Though the presence of epidemics and pandemics has plagued humanity for centuries, infectious disease transmission remains poorly understood. The classification of transmission of disease continues to rely on notions of routes of transmission introduced in the 1930s. Although contact tracing aiming at gathering data from survey of populations and tracking case reports to infer routes of transmission are also now more accessible, the biases and accuracy such Big Data sets are difficult to assess. Hence, further limiting our understanding the mechanisms of contagion. There remain a major knowledge gap between the results in basic microbiology performed at the cellular scale (e.g., how does one virus infect one cell) and the attempts to model contagion and patterns of epidemic spread at the population level. Dr. Lydia Bourouiba, Esther and Harold E. Edgerton Assistant Professor Director of the Fluid Dynamics of Disease Transmission Laboratory at the Massachusetts Institute of Technology, is using her research to fill this gap and connect the small scales to the population scale. In particular, Dr. Bourouiba focuses on understanding how the pathogens of one individual become those of another. Using a unique combination of methods that join physical sciences, including fluid dynamics, with microbiology and epidemiology, Dr. Bourouiba examines the dynamics of peer-to-peer transmission and transport of pathogens in the air and water, with implications on transmission of diseases in an office, airplane, hospital, or any public spaces. The insights gained will enable better risk assessment, improved and targeted intervention and mitigation strategies and better design of spaces and protective equipment in healthcare settings.  

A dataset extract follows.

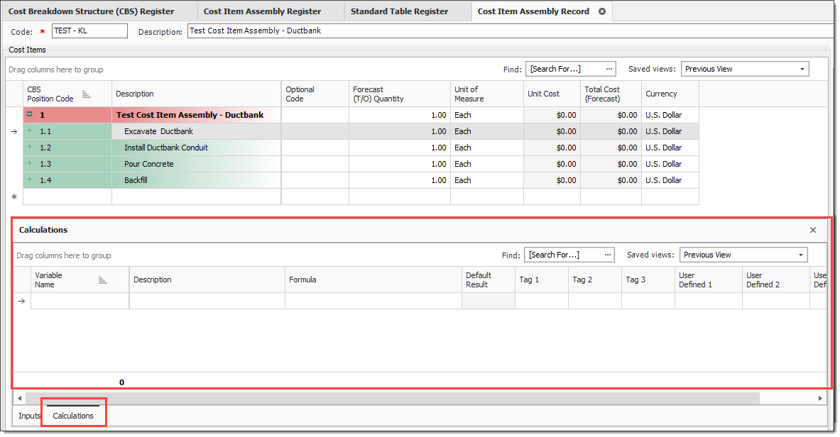More user tags and user defined fields are available on the Cost Item Assembly > Inputs data block related to a group of variables or with other similarities. A Standard View also exists, so you can define saved views to make use of the additional tags and fields.

Dr. Bourouiba and her team of scientists collaborate with other U.S. and European researchers, as well as members of the medical community, to explore the universal process of disease transmission. They study fluids—droplets in the air we breathe and on contaminated surfaces—and their role as transporter, carrying pathogens from one location to another. By linking information at this mesoscale, Dr. Bourouiba and her team will be able to improve prediction of patterns of outbreaks and how to concretely design intervention strategies indoors, especially for healthcare workers and in time of epidemics and pandemics. 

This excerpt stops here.